Jeremy Ogden (born in 1975 in the Philly suburbs) was a goaltender for the Colorado Mammoth in the National Lacrosse League and started for the Colorado Sabertooths National Championship teams in 2012 and 2013. He played college lacrosse for Colorado State University from 1993 to 1995. In 2006, he was named to the United States indoor Lacrosse Team to compete in the World Indoor Lacrosse Championship in 2007 but did not see any action in the Bronze Medal campaign. A year later in the 2008/2009 National Lacrosse League season he was signed by the Colorado Mammoth as a goalie. As a member of the Mammoth, he saw minimal action in one game in his home town of Philadelphia. During an exhibition season in 2009, the Colorado Sabertooths lacrosse team competed in the Freedom Cup sponsored by USA Indoor Lacrosse in Philadelphia, PA. After defeating all of the other regional and state teams they lost to Team USA's entry to the tournament, finishing as National Runners-Up in their inaugural year.

==Career==
Due to a statistical anomaly, Jeremy is credited with the lowest GAA in the entire NLL for the 2009 season with an average of 0.0 goals allowed. He faced zero shots during this appearance. He set several more notable records at Colorado State University as a starting freshman and sophomore, (Most saves in a Game with 33, Most starts by a freshman with 14, Most shots faced in a game at 59), but those records were later wiped off the books when the coaching regime changed at CSU in the late 1990s. After being named a MILA/CILL All-Star in August 2012, he faced the newest incarnation of Team USA in an exhibition game at the Sears Centre outside Chicago. Playing in Tandem with another goalie, the pair carried their squad to a 14–8 victory. Ogden started the second half, stopping 28 shots and allowing only 3 goals. Ogden never lost a game as the starting goalie for the Sabertooths, and was named a Star of the Championship Game in 2012, defeating the previous years champions, the Grand Rapids Dragonfish 13–6. Ogden allowed 4 goals and tallied more than 30 saves, before stepping aside for his backup with under five minutes to go in the match.

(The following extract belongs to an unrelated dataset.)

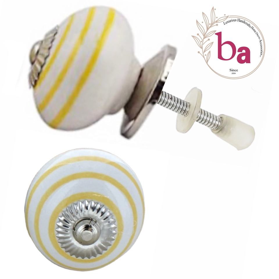 Handmade Ceramic Knobs CK 558 Lemon Yellow Strips with White Colour for Drawer Cabinets Wardrobes Dressers Bedrooms Kitchen Use

In his adopted home state of Colorado, Jeremy won more than a dozen championships with 7 teams.

==Coaching==
He coached for the Alexander Dawson School boys' lacrosse teams from 2006 until 2011.

==Retirement==
On September 19, 2013, Ogden sustained a serious concussion in an exhibition game mid-season and was forced to retire from elite lacrosse. As he recovered from the concussion, Ogden tried his hand in the announcing booth. He commentated the 2013 Continental Indoor Lacrosse League's National Championship Game between his Colorado Sabertooths and the Chicago Outlaws for the National broadcast of the game on In Lax We Trust Radio.

In retirement, Ogden is coaching youth box lacrosse goalies locally and across the country in clinics and camps, as well as private lessons for some students.